Company Background
This client is an enterprise supermarket chain with a complex mix of business units across grocery, pharmacy, beauty, retail operations, and corporate support functions. Their Learning & Development team supports training needs across a workforce of hundreds of thousands of employees, while also managing requests from multiple internal teams, brands, and operational groups.
Within the broader organization, the Learning & Development function is a small but highly active team responsible for enterprise-wide learning requests, training design, development, learning operations, leadership programming, and learning system updates. As more learning work moved in-house, the team needed a more reliable way to manage intake, track active projects, and give leadership clear visibility into what was happening across the department.
The team had been using monday.com for several years, but without a formal implementation plan. Over time, different teams built their own boards, forms, views, and tracking methods. What started as a project tracker had grown into a messy system that no longer reflected how the team actually worked.
The Challenge
As the Learning & Development team expanded its role across the enterprise, their monday.com setup could not keep up with the complexity of the work.
No single source of truth
The team needed monday.com to become a reliable place where senior leaders could see what was in progress, what was paused, what was delayed, and why. Instead, the data could not be trusted enough to power accurate dashboards or leadership reports.
Duplicate project tracking
The same project often appeared in multiple places because different teams were tracking their own part of the work separately. For example, a learning partner might manage the overall project while the learning experience team tracked the development work somewhere else. This created duplicate records and made reporting inaccurate.

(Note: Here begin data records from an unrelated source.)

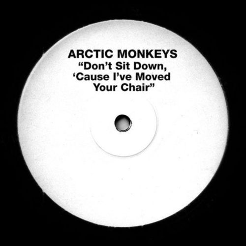 The "Limited Edition White-Label" artwork for Arctic Monkeys' single "Don't Sit Down 'Cause I've Moved Your Chair"
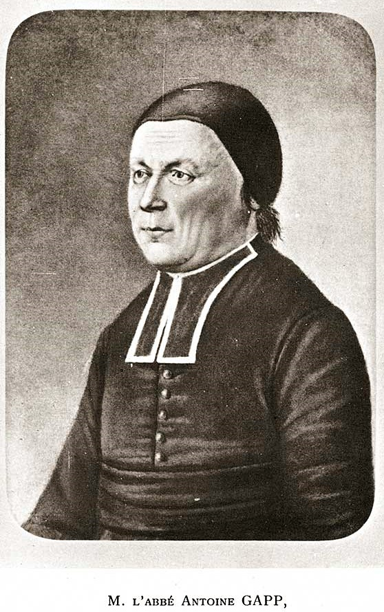 Anton Gapp, auch Antoine Gapp, (1766-1833), französischer Priester und Ordensgründer
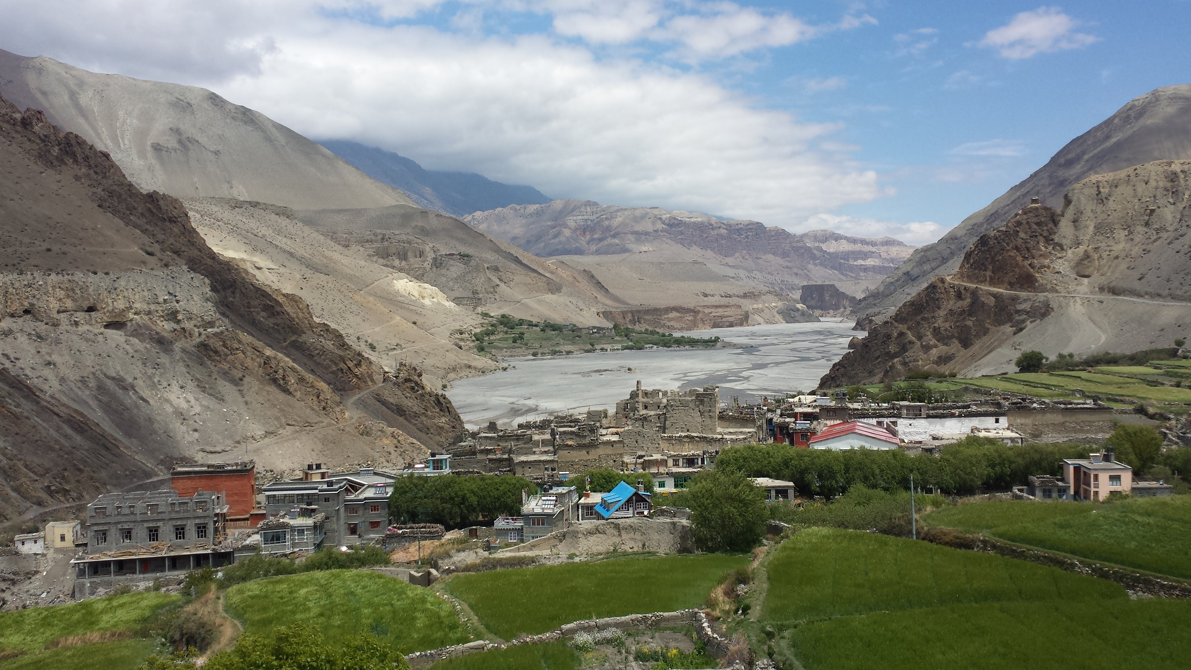 Mustang
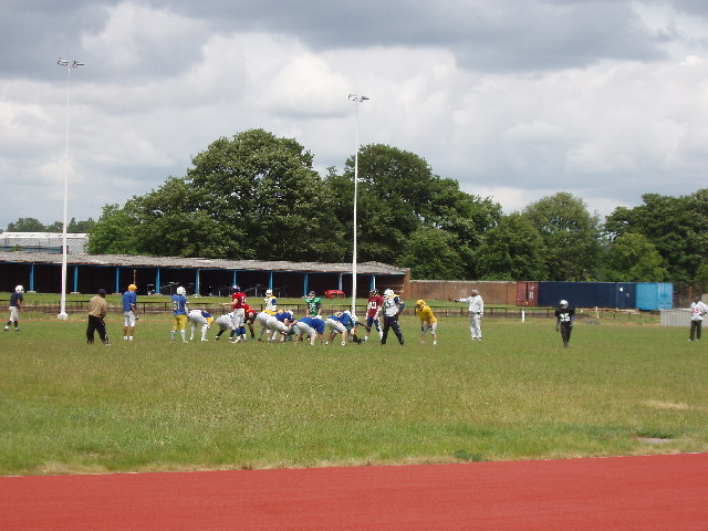 Linford Christie Stadium, Wormwood Scrubs. Taken on a Sunday afternoon, training for American Football was in progress.
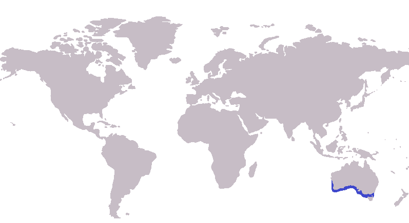 Distribution of the Sillaginodes punctatus

Inconsistent board structures
Different teams used monday.com in different ways. Some used detailed task templates, while others used boards mostly for capacity tracking or intake. Because the column names, statuses, and board structures were not consistent, it was difficult to report across the entire Learning & Development function.
Manual reporting for leadership
Leadership wanted real-time visibility into project volume, status, delays, business unit demand, and team capacity. But because the data was fragmented, team members were still manually pulling information together to answer basic questions.
Multiple intake paths
The team had several forms and boards for different types of requests, including new learning, maintenance, system uploads, license requests, leadership sessions, and general inquiries. The intake process worked, but it was not organized in a way that gave the team clean reporting on the back end.

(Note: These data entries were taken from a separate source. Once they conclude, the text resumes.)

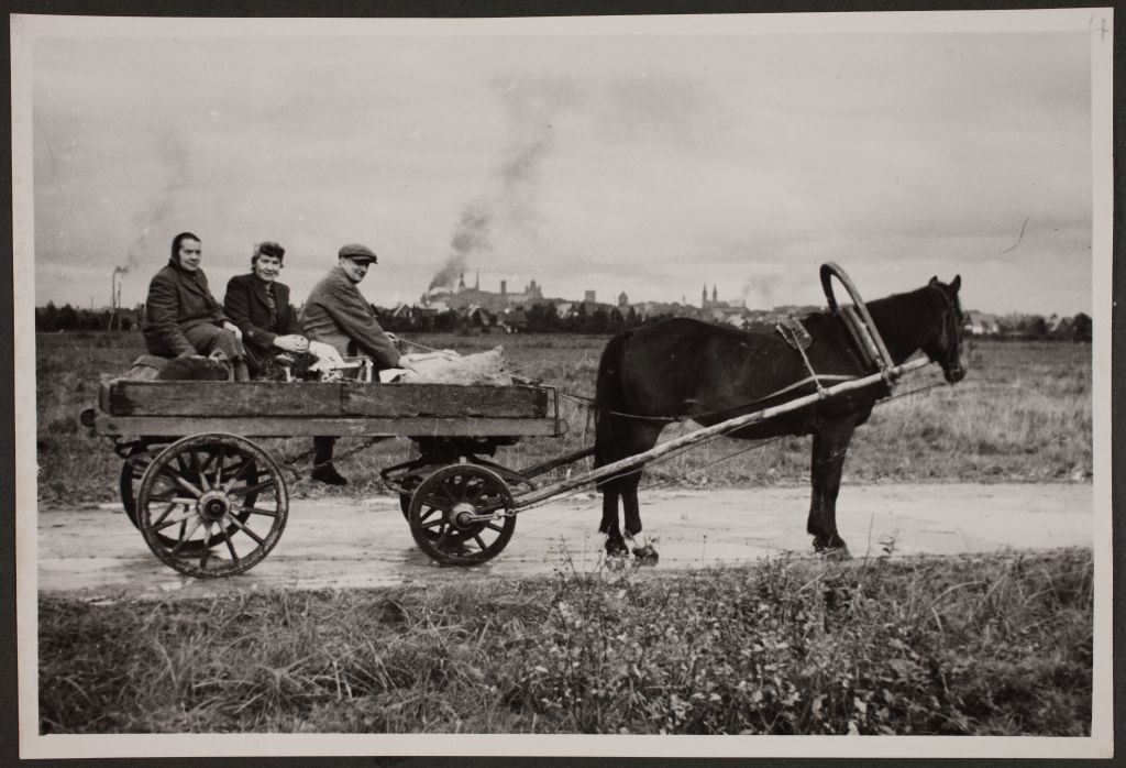 Director of State Archives fetching vegetables from a garden in Lilleküla
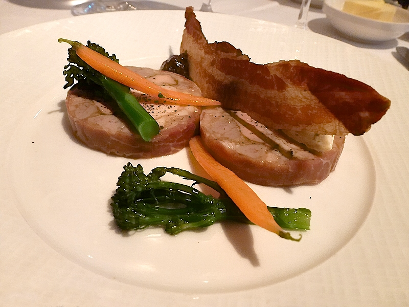 Rabbit ballotine with crisp pancetta, prune purèe and grain mustard.
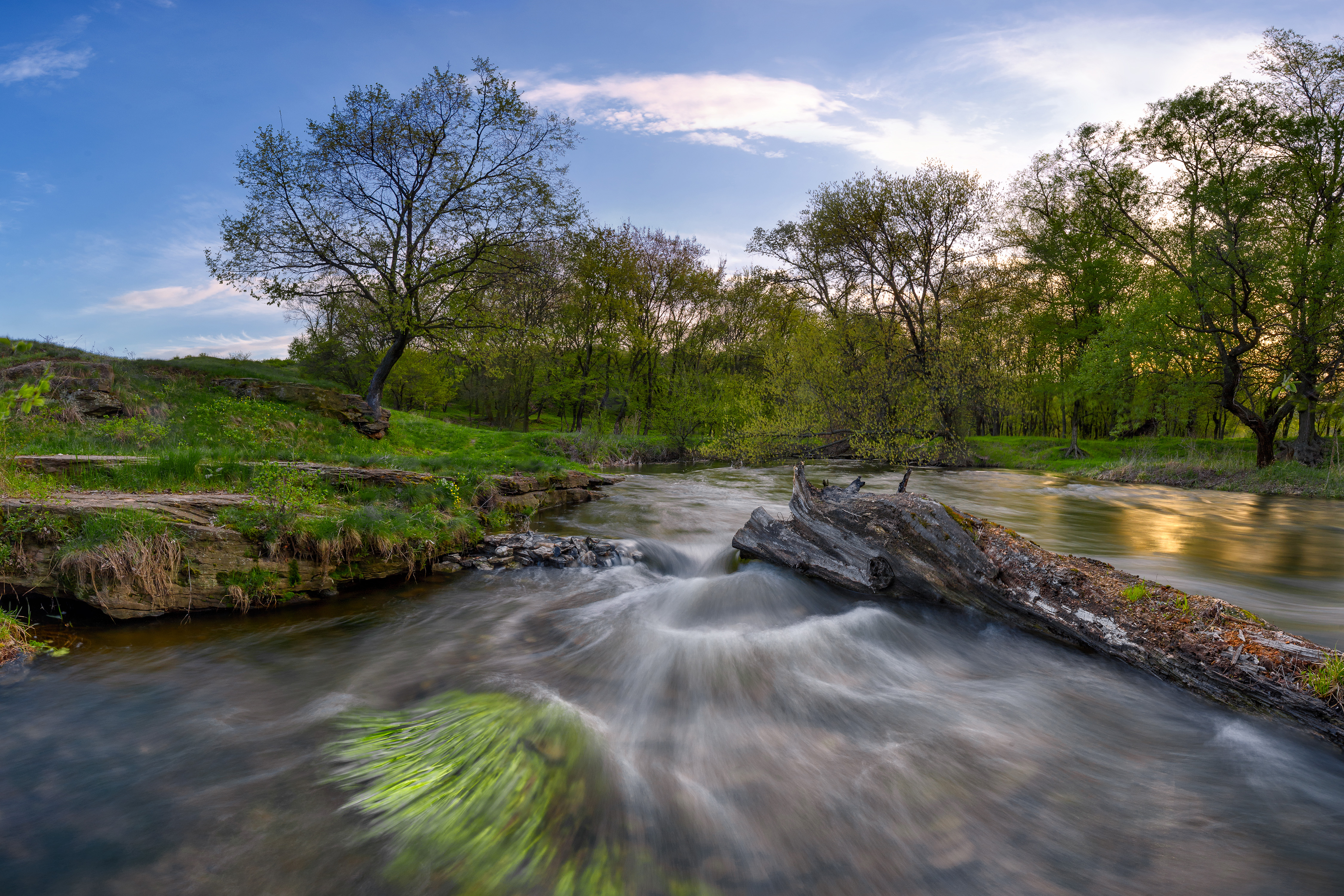 Zuiivskyi regional landscape park

A changing operating model
The original setup was built when the team’s process was more linear and much of the learning work was outsourced. Once more design and development moved in-house, the team needed a new structure that matched their current operating model.
Together, these issues created a major data integrity problem. The team had plenty of activity inside monday.com, but the information was too fragmented to confidently answer leadership’s most important questions.
The Solution
Simpleday helped the team rebuild their monday.com environment around cleaner data, clearer ownership, and better reporting.
A project-based structure
Instead of tracking work by team, Simpleday recommended moving to a project-based structure. Each project would exist once as the parent item, with related tasks managed as subitems. This allowed learning partners, designers, developers, and operations team members to contribute to the same project without creating duplicate records.

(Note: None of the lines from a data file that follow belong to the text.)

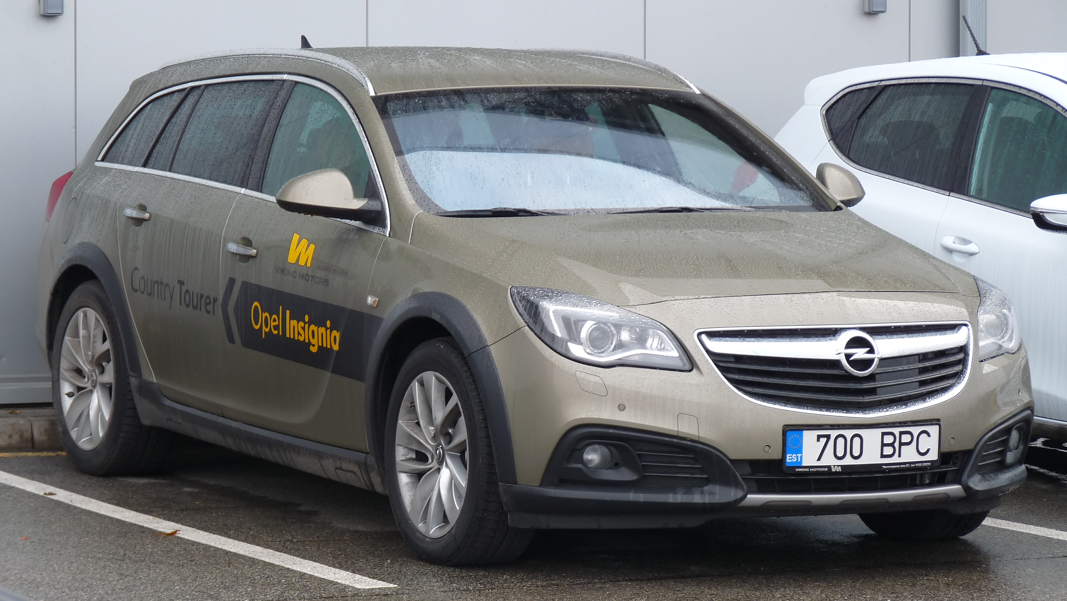 Opel automobile in Tallinn, Estonia
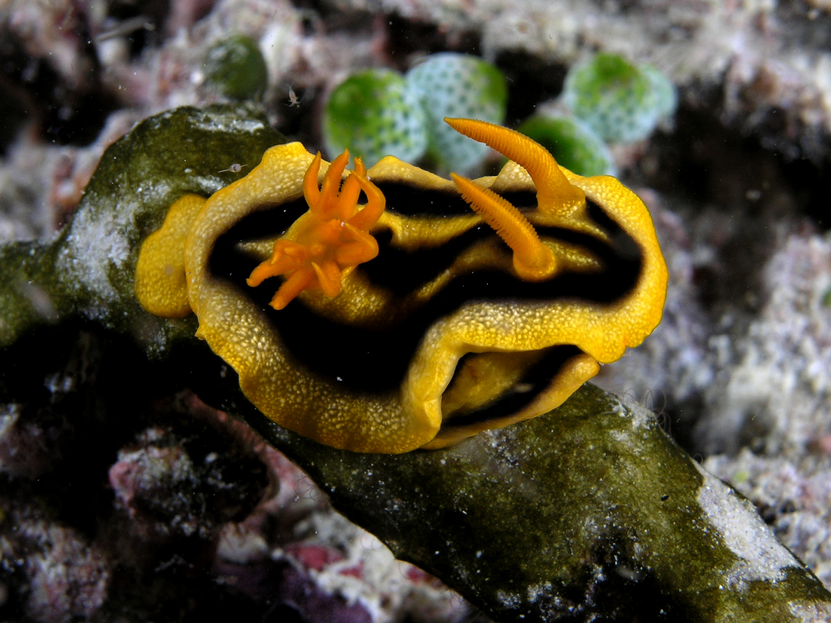 Chromodorid nudibranch in Komodo National Park
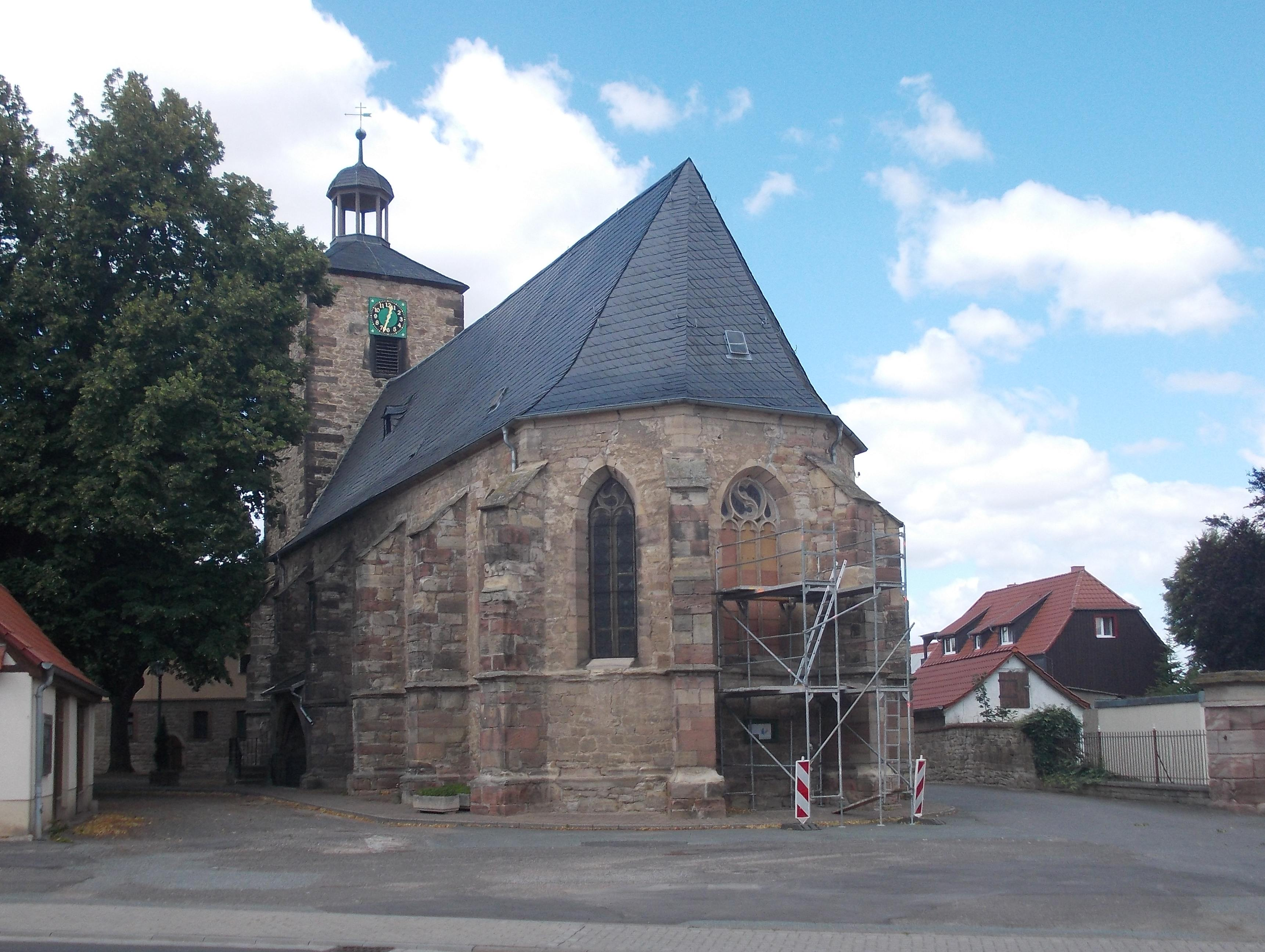 St. Mary Magdalene Church in Wohlmirstedt (Kaiserpfalz, district: Burgenlandkreis, Saxony-Anhalt)

Cleaner project and task hierarchy
The new structure used parent items for the overall project and subitems for the detailed work. This made it easier to see who owned each part of the process, what still needed to be done, and where a project was getting stuck.
Consistent reporting fields across boards
Because different request types required different information, Simpleday did not force everything into one board. Instead, the system kept separate boards where they made sense, while standardizing the key reporting columns across them. This allowed each team to track the details they needed while still feeding consistent data into leadership dashboards.
Dashboard-ready data
Simpleday helped structure the boards so leadership could view project data by status, business unit, L&D team, request type, and level of effort. This gave the team the foundation for real-time reporting instead of manual data pulls.
Improved intake organization
The team’s intake process was reviewed and refined so requests could be captured more cleanly from the start. By improving how requests entered monday.com, the team reduced the risk of messy data later in the workflow.
A better leadership view
Simpleday helped translate the leadership team’s reporting needs into practical monday.com dashboards. The goal was simple: leaders should be able to open monday.com and immediately understand what was happening without asking the team to manually prepare an update.
The Impact: A Reliable Source of Truth for Enterprise Learning Operations
The transformation gave the Learning & Development team a much stronger foundation for managing enterprise-wide work.
- One project, one record: Duplicate project tracking was removed by shifting to a parent project and subitem structure. This gave the team a cleaner way to manage shared work across learning partners, designers, developers, and operations.
- More reliable reporting: With cleaner data and consistent reporting fields, dashboards could now reflect the real state of the work, including active projects, paused work, delays, request types, and team involvement.
- Clearer visibility for leadership: Senior leaders gained a better way to understand what the team was working on, where work was delayed, and how demand was distributed across the organization.
- Less manual effort: By improving the structure of boards, intake, and dashboards, the team reduced the need to manually gather updates for leadership reporting.
With Simpleday’s support, this enterprise supermarket chain transformed monday.com from a scattered collection of boards into a cleaner, more reliable system for managing work across Learning & Development. The team can now track projects with more confidence, report to leadership with better data, and continue scaling their learning operations with a structure that matches how they actually work.